BMP + PyTerrier¶
BMP (Block-Max Pruning) is a retrieval approach and software package that provides fast exact and approximate sparse search functionality. It was introduced in the following article:
Citation
Mallia et al. Faster Learned Sparse Retrieval with Block-Max Pruning. SIGIR 2024. [link]
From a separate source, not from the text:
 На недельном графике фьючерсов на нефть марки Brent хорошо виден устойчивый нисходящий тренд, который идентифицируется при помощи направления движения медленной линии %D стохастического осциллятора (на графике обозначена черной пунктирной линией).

@inproceedings{DBLP:conf/sigir/MalliaST24,
author = {Antonio Mallia and
Torsten Suel and
Nicola Tonellotto},
editor = {Grace Hui Yang and
Hongning Wang and
Sam Han and
Claudia Hauff and
Guido Zuccon and
Yi Zhang},
title = {Faster Learned Sparse Retrieval with Block-Max Pruning},
booktitle = {Proceedings of the 47th International {ACM} {SIGIR} Conference on
Research and Development in Information Retrieval, {SIGIR} 2024, Washington
DC, USA, July 14-18, 2024},
pages = {2411--2415},
publisher = {{ACM}},
year = {2024},
url = {https://doi.org/10.1145/3626772.3657906},
doi = {10.1145/3626772.3657906},
timestamp = {Sun, 19 Jan 2025 13:11:15 +0100},
biburl = {https://dblp.org/rec/conf/sigir/MalliaST24.bib},
bibsource = {dblp computer science bibliography, https://dblp.org}
}
Overview¶
BMP provides a PyTerrier-compatible interface, which is covered in this documentation. You an install it with pip:
pip install bmp[pyterrier]
bmp.pyterrier.BmpIndex is an artifact that provides indexing and retrieval functionality. Most of the time,
you will likely use BmpIndex in conjunction with a LSR model, such as SPLADE.
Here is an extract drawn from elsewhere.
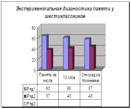 Оценка результатов. По количеству правильно воспроизведенных чисел оценивается кратковременная зрительная память на числа. Норма взрослого человека 7 ± 2. Показатель в 9 единиц и больше рассматривается как высокий, 8-6-средний, 5-4 - ниже среднего, 3 и меньше - низкий. 3. Методика. А.Н. Леонтьева. Диагностика опосредствованной памяти Материалом, необходимым для проведения методики, служат лист бумаги и ручка. Перед началом обследования ребенку говорят следующие слова: «Сейчас я буду называть тебе разные слова и предложения и после этого делать паузу. Во время этой паузы ты должен будешь на листе бумаги нарисовать или написать что-нибудь такое, что позволит тебе запомнить и затем легко вспомнить те слова, которые я произнес. Постарайся рисунки или записи делать как можно быстрее, иначе мы не успеем выполнить все задание. Слов и выражений, которые необходимо запомнить, довольно много». Ребенку последовательно одно за другим зачитываются следующие слова и выражения: Дом. Палка. Дерево. Прыгать высоко. Солнце светит. Веселый человек. Дети играют в мяч. Часы стоят. Лодка плывет по Реке. Кошка ест рыбу. После прочтения ребенку каждого слова или словосочетания экспериментатор делает паузу на 20 сек. В это время ребенок должен успеть изобразить на данном ему листе бумаги что-либо такое, что в дальнейшем позволит ему вспомнить нужные слова и выражения. Если за отведенное время ребенок не успел сделать запись или рисунок, то экспериментатор прерывает его и зачитывает очередное слово или выражение. Как только эксперимент закончен, психолог просит ребенка пользуясь сделанными им рисунками или записями, вспомнить те слова и выражения, которые ему были зачитаны. Оценка результатов За каждое правильно воспроизведенное по собственному рисунку или записи слово или словосочетание ребенок получает 1 балл. Правильно воспроизведенными считаются не только те слова и словосочетания, которые восстановлены по памяти буквально, но и те, которые переданы другими словами, но точно по смыслу. Приблизительно правильное воспроизведение оценивается в 0,5 балла, а неверное — в 0 баллов. Максимальная общая оценка, которую ребенок может получить в этой методике, равна 10 баллам. Такую оценку ребенок получит тогда, когда правильно вспомнит все без исключения слова и выражения. Минимально возможная оценка — 0 баллов. Она соответствует тому случаю, если ребенок не мог вспомнить по своим рисункам и записям ни единого слова или не сделал ни к одному слову рисунка или записи. Выводы об уровне развития 10 баллов — очень высоко развитая опосредованная слуховая память. 8-9 баллов — высоко развитая опосредованная слуховая память. 4-7 баллов — средне развитая опосредованная слуховая память. 2-3 балла — низко развитая опосредованная слуховая память. 0-1 балл — слабо развитая опосредованная слуховая память. 2.2 Анализ результатов экспериментального исследования Мы провели диагностику памяти по всем трем методикам (см. приложение 1). Данные первичной диагностики памяти мы занесли в таблицу 1 и отразили графически в диаграммах. Таблица 1.

from bmp.pyterrier import BmpIndex
from pyt_splade import SPLADE
index = BmpIndex('my_index.bmp') # [1]
model = Splade() # [2]
indexing_pipeline = model >> index.indexer() # [3]
indexing_pipeline.index([
{'docno': '1', 'text': 'My document'},
{'docno': '1', 'text': 'Another document'},
])
Specify the path that you want to index to. The
.bmpextension is optional.Load a learned sparse retrieval model. Here we use SPLADE, but you can use any LSR model that you wish.
The indexing pipeline first encodes documents with SPLADE, then adds them to the BMP index.
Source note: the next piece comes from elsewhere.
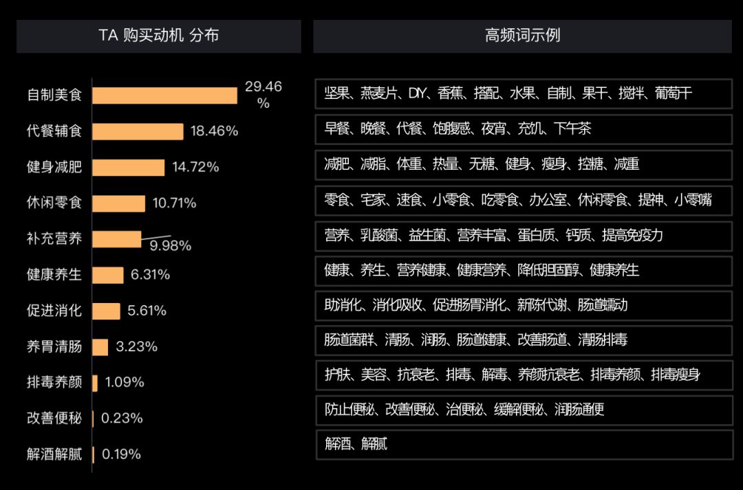 在第三步,时趣又分析了消费者购买酸奶产品的几大动机后发现:

from bmp.pyterrier import BmpIndex
from pyt_splade import Splade
index = BmpIndex('my_index.bmp') # [1]
model = Splade() # [2]
retrieval_pipeline = model >> index.retriever() # [3]
retrieval_pipeline.search('my query')
Specify the path to a BMP index that you built.
Load the learned sparse model that you used to build your index
The retrieval pipeline first encodes queries with SPLDE, then retrieves over the BMP index.